Typically, when we need answers in a specific area, finding exactly what we’re looking for can be a challenge. It takes time to skim through all the information, and we may still end up empty-handed. This is where LLMs come in handy! They can answer all kinds of questions in real-time, along with explanations and sources if we need them. However, there’s a catch: LLMs do not have the latest information on recent developments in various domains. They are also known to generate plausible but false responses, also known as “hallucinations”. As a result, if the questions asked are highly specific to a relatively new field, the LLM may generate inaccurate responses based on related but outdated or incorrect information used during its training.

There are ways to improve LLMs and make them more suitable for what we want to achieve. One such approach is fine-tuning, where we use a dataset that exhibits the outcomes we expect to tune the model to behave similarly and give similar outcomes. Unfortunately, this approach is not very useful for our problem with the question answering scenario because fine-tuning helps the model to remember patterns, but not gain knowledge.
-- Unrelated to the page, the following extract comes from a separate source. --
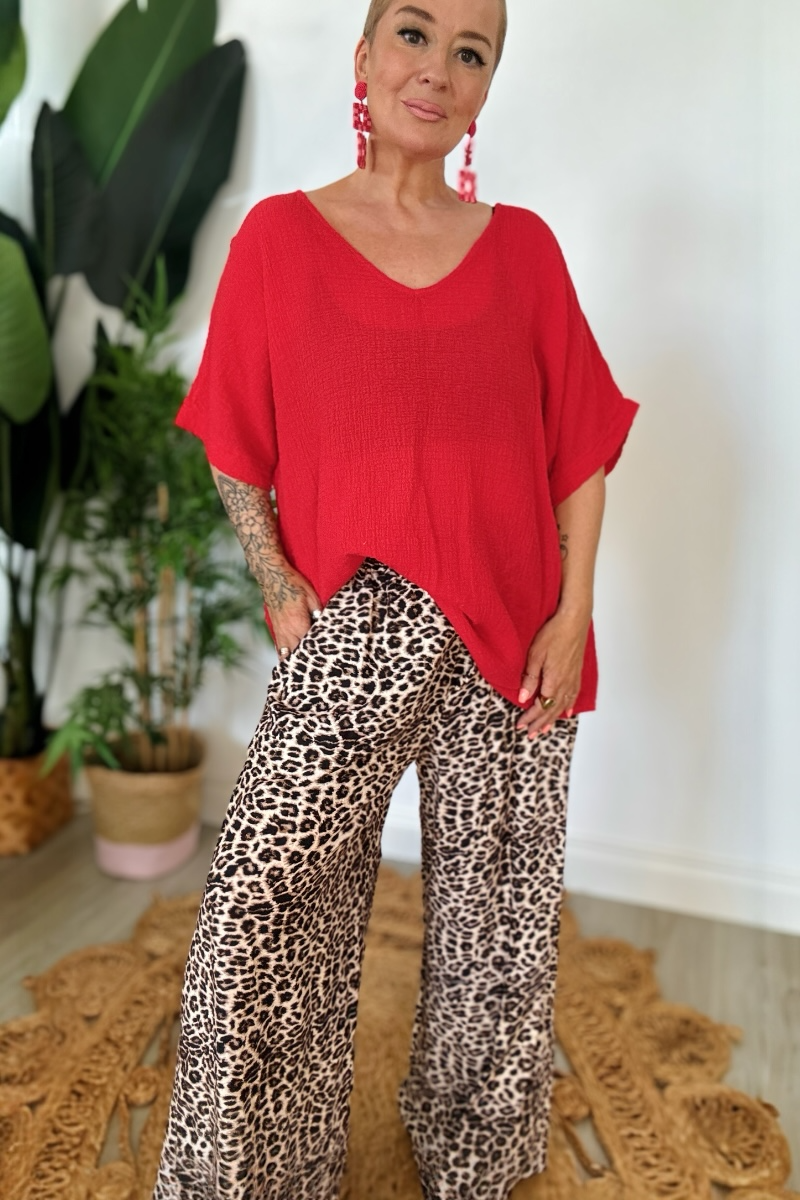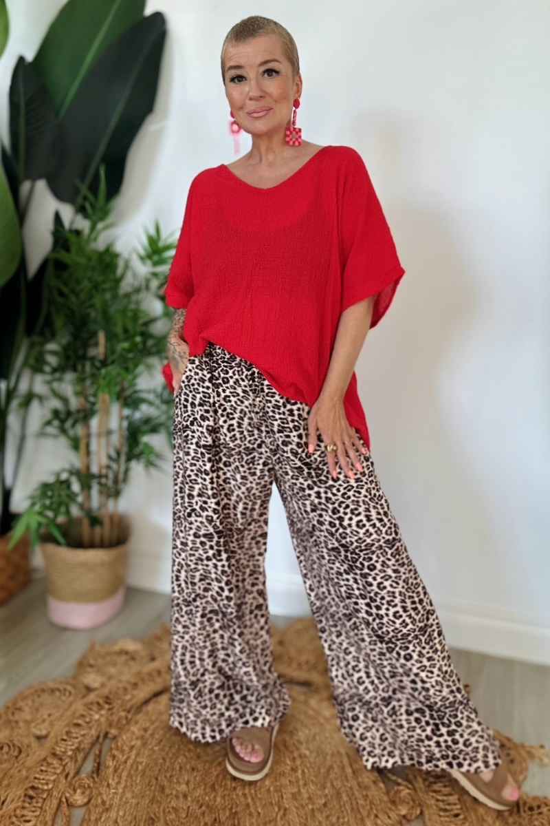 Step into style with the Goa Leopard Print Trousers! With a wide-leg design, these trousers are as easy to wear as they are to style. Trendy, comfortable, and perfect for making a statement – they’re a must-have for your wardrobe!

Prompt engineering offers a more promising solution by leveraging LLMs ability for in-context learning. In-context learning is the LLMs ability to learn from the information given in the prompt itself; may it be instructions, examples, or even knowledge. Therefore, we can provide relevant knowledge to the model in the prompt along with the question and it will give us an accurate answer. However, this doesn’t mean we’re back to searching for relevant content on our own. This is where embeddings come into play.

Embeddings are numerical representations of text that allow the comparison of the similarity between two texts. It helps with providing relevant information to the model for question answering by comparing the embedding of a question with the embeddings of documents we have. We can identify the most similar ones and add them to the prompt for the model to use. This comparison can be done programmatically on our own or we can use vector databases such as Pinecone and Weaviate, which handles this job for us and return similar content. We simply have to add this content to the prompt and send it to the LLM.
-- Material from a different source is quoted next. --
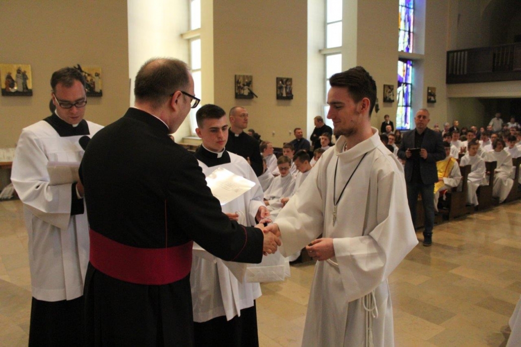 W sobotę przed niedzielą Jezusa Chrystusa Dobrego Pasterza, 21 kwietnia 2018 r., w szczecińskim seminarium duchownym odbył się Dzień Jedności Liturgicznej Służby Ołtarza. W czasie Eucharystii, która rozpoczęła całe spotkanie, Ksiądz Biskup Henryk Wejman udzielił promocji lektorskiej i ceremoniarskiej ministrantom naszej Archidiecezji. Po uroczystej Mszy świętej każdemu z nowo promowanych został wręczony dokument potwierdzające przyjęcie promocji lektora lub ceremoniarza do posługi w parafii. Po uroczystościach miało miejsce wspólne spotkanie piknikowe na terenie seminaryjnym.

While there are many articles and tutorials that discuss LLM-based implementations for question answering using languages such as Python, this article aims to showcase the simplicity of building AI use cases with Ballerina. With its newly introduced support for AI, Ballerina, a language specialized for integration, is the ideal choice for implementing such use cases that require communicating with multiple APIs. Ballerina can help in connecting with hundreds of public APIs easily with its in-built connectors, which can greatly benefit when building end-to-end interactions.
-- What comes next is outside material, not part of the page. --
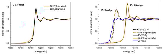 (left) U L3-XANES and (right) Zr K- and Pu L3-XANES obtained for the Gösgen fuel fragment (orange traces) together with oxide reference spectra (black traces) and Zr metal calibration spectrum (blue).

For example, let’s consider this use case as a ChatBot service with the following integrations.

  1. Data retrieval: Connect to Google Sheets and load data from them using the ballerinax/googleapis.sheets connector.
  2. Embedding search: Connect to hosted vector DBs such as Pinecone (ballerinax/pinecone.vector) and Weaviate (ballerinax/weaviate).
  3. Answer generation: Connect to OpenAI GPT-3 (ballerinax/openai.text) or the ChatGPT (ballerinax/openai.chat) APIs (alternatively, Ballerina supports Azure OpenAI APIs also) to generate answers for questions.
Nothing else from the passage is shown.